As parents, we want to help our children succeed in school.

In my twenty-two years as a classroom teacher (twenty-one as a parent), I’ve seen parent strategies that pay big dividends.

I’ve also seen well-intentioned efforts that actually cost the kids.

Today is Part 3 of a series in which we explore one support strategy and one form of sabotage.

(Here are links to Part 1 and Part 2.)

 

Support #3: Help Your Child Develop Organizational and Planning Systems

One day, I came home from 4th grade in tears.

I’d been assigned a “research report” on the Yokut Indians, and I had no clue how to do it.

My mother used this report as an opportunity to teach me some much-needed organizational and planning skills. Here’s what she did:

1.  She made sure I understood the assignment by having me explain it to her. I pulled out the assignment handout and read it aloud to her.  She then read the handout aloud to me and had me hand-write a checklist based on the information.

2. As we talked, we realized that we both had questions not answered by the handout. I wrote them down on a separate piece of paper, leaving room for the answers. The next day, I set an appointment with the teacher and, when the time came, asked her my questions, writing down her answers in the space I’d left.

3. She bought me a large wipe-off calendar and colored wipe-off pens. Using the checklist, I set “due dates” for each step of the project. Since I’d need to do my research in the library (the Internet hadn’t yet been invented!), we scheduled several days when she would drop me off for an hour at a time.

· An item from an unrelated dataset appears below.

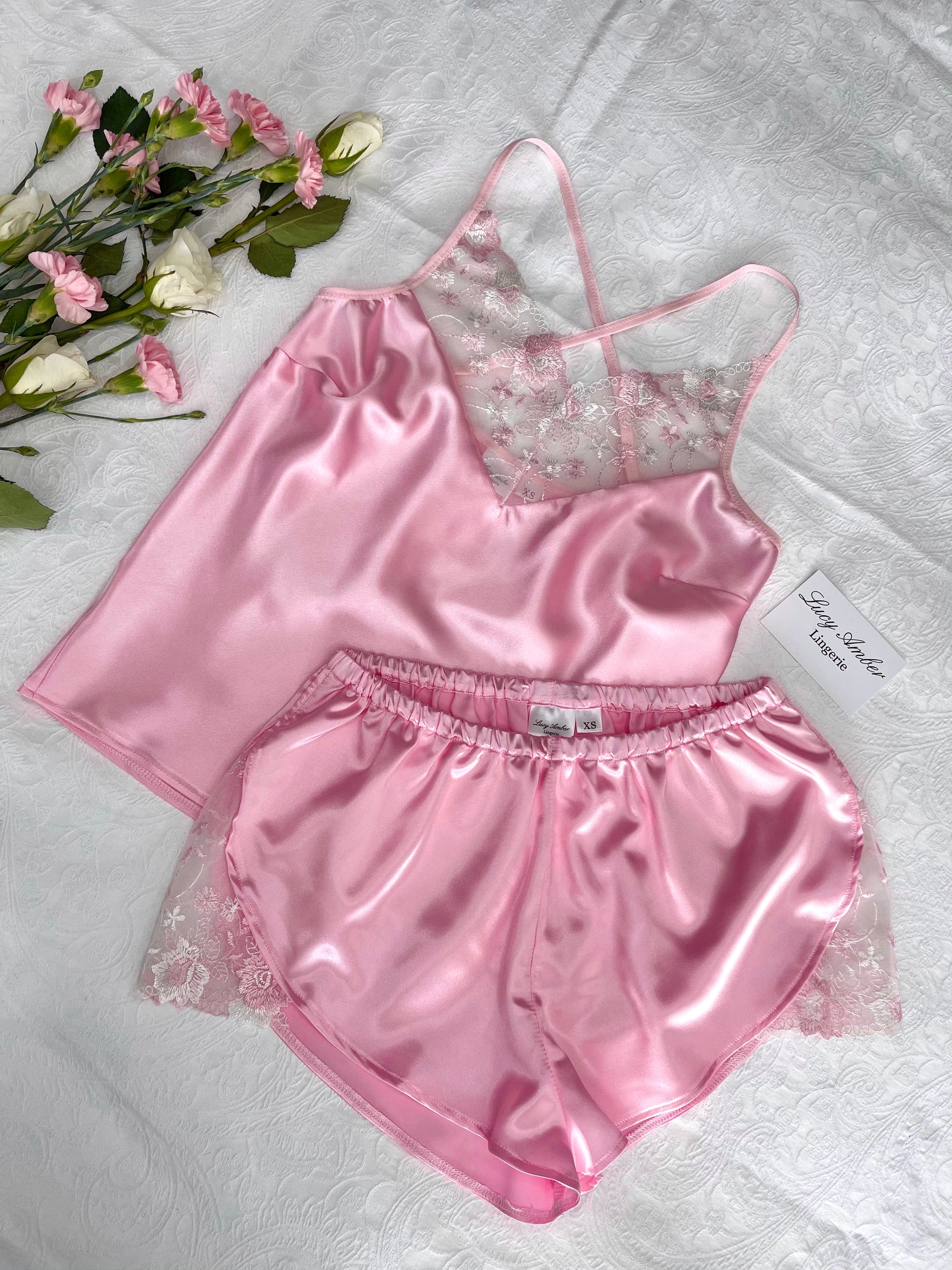 Handmade Ophelia night set with adjustable straps. This set is handmade from silky satin and beautiful embroidered lace with rose gold hardware.

4. My mother gave me a small plastic storage tote in which I stored everything related to the research project: the original handout, my list of questions (with answers), xerox copies of important materials I’d read at the library, 3×5 cards, etc.. She also gave me a stack of large envelopes in which to store my note cards. She encouraged me to divide my cards into categories as I did my reading and note-taking; I then labeled each envelope with the category name.

5. She suggested that I finish my research project a week before it was due so that I could ask the teacher to look it over and let me know anything that needed to be changed. I’ll never forget the look of amazement on my teacher’s face when I handed her my binder, telling her it was still a first draft. Now, of course, I recognize her joy at being able to give me input while I could use it (rather than a poor grade when it was too late to make changes!)

Each of these steps has become a life skill for which I am grateful.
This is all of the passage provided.